━━━━━ SUPPLIED INFORMATION ━━━━━

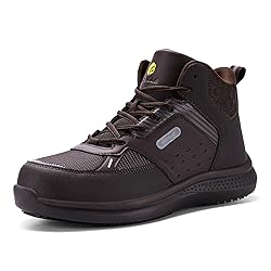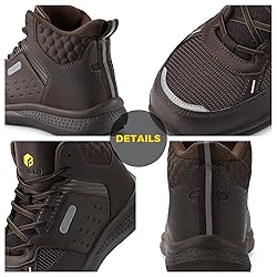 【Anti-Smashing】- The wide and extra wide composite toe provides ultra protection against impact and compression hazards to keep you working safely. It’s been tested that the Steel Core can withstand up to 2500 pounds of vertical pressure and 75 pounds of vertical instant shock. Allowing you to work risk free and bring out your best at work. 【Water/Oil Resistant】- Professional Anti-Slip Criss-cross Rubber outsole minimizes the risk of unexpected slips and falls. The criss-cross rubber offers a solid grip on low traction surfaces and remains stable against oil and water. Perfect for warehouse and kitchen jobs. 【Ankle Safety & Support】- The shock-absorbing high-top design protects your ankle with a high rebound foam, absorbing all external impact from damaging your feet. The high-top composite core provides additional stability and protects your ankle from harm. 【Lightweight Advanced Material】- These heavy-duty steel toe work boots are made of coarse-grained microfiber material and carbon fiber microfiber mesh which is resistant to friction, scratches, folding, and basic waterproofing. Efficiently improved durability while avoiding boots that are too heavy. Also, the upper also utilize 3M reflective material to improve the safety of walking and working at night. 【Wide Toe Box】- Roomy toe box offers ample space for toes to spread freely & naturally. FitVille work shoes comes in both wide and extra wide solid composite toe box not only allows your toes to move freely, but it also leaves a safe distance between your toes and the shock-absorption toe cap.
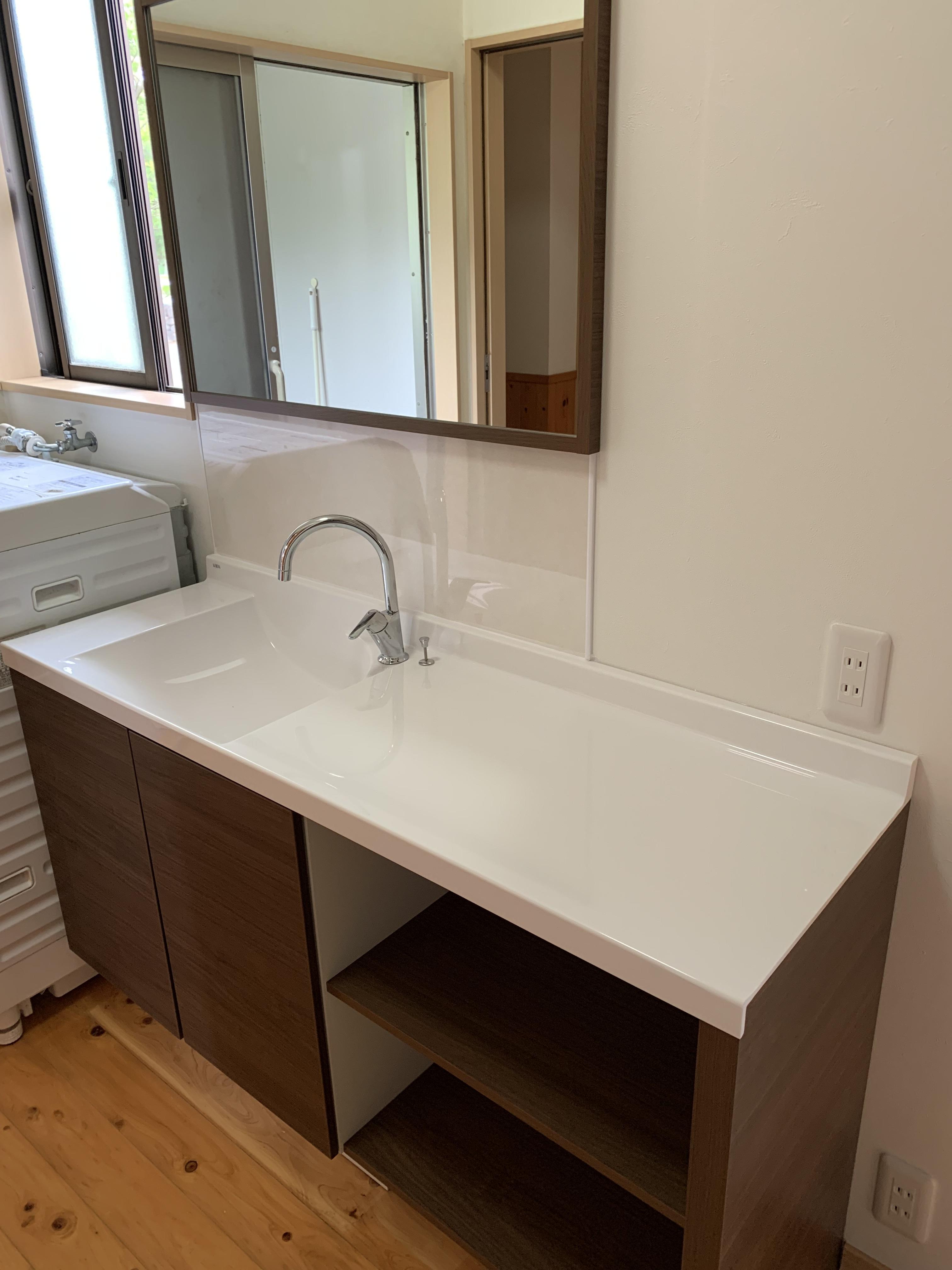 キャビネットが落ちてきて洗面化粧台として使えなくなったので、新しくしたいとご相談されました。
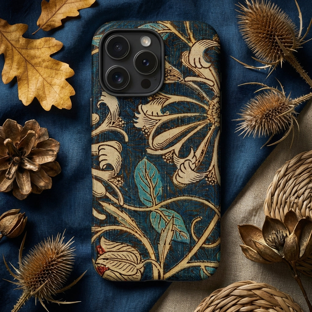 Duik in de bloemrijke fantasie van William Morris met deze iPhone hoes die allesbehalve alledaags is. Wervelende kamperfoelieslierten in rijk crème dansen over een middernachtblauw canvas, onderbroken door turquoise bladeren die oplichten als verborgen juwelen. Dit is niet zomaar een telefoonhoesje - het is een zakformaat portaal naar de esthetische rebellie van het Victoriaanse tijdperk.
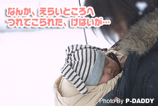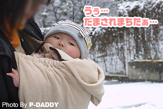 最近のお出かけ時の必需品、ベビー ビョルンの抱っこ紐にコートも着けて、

━━━━━

◆ WHAT NEEDS TO BE DONE: The whole listing must be restated word for word. Leave out any pictures.

◆ TASK SOLUTION:
 【Anti-Smashing】- The wide and extra wide composite toe provides ultra protection against impact and compression hazards to keep you working safely. It’s been tested that the Steel Core can withstand up to 2500 pounds of vertical pressure and 75 pounds of vertical instant shock. Allowing you to work risk free and bring out your best at work. 【Water/Oil Resistant】- Professional Anti-Slip Criss-cross Rubber outsole minimizes the risk of unexpected slips and falls. The criss-cross rubber offers a solid grip on low traction surfaces and remains stable against oil and water. Perfect for warehouse and kitchen jobs. 【Ankle Safety & Support】- The shock-absorbing high-top design protects your ankle with a high rebound foam, absorbing all external impact from damaging your feet. The high-top composite core provides additional stability and protects your ankle from harm. 【Lightweight Advanced Material】- These heavy-duty steel toe work boots are made of coarse-grained microfiber material and carbon fiber microfiber mesh which is resistant to friction, scratches, folding, and basic waterproofing. Efficiently improved durability while avoiding boots that are too heavy. Also, the upper also utilize 3M reflective material to improve the safety of walking and working at night. 【Wide Toe Box】- Roomy toe box offers ample space for toes to spread freely & naturally. FitVille work shoes comes in both wide and extra wide solid composite toe box not only allows your toes to move freely, but it also leaves a safe distance between your toes and the shock-absorption toe cap.
 キャビネットが落ちてきて洗面化粧台として使えなくなったので、新しくしたいとご相談されました。
 Duik in de bloemrijke fantasie van William Morris met deze iPhone hoes die allesbehalve alledaags is. Wervelende kamperfoelieslierten in rijk crème dansen over een middernachtblauw canvas, onderbroken door turquoise bladeren die oplichten als verborgen juwelen. Dit is niet zomaar een telefoonhoesje - het is een zakformaat portaal naar de esthetische rebellie van het Victoriaanse tijdperk.
 最近のお出かけ時の必需品、ベビー ビョルンの抱っこ紐にコートも着けて、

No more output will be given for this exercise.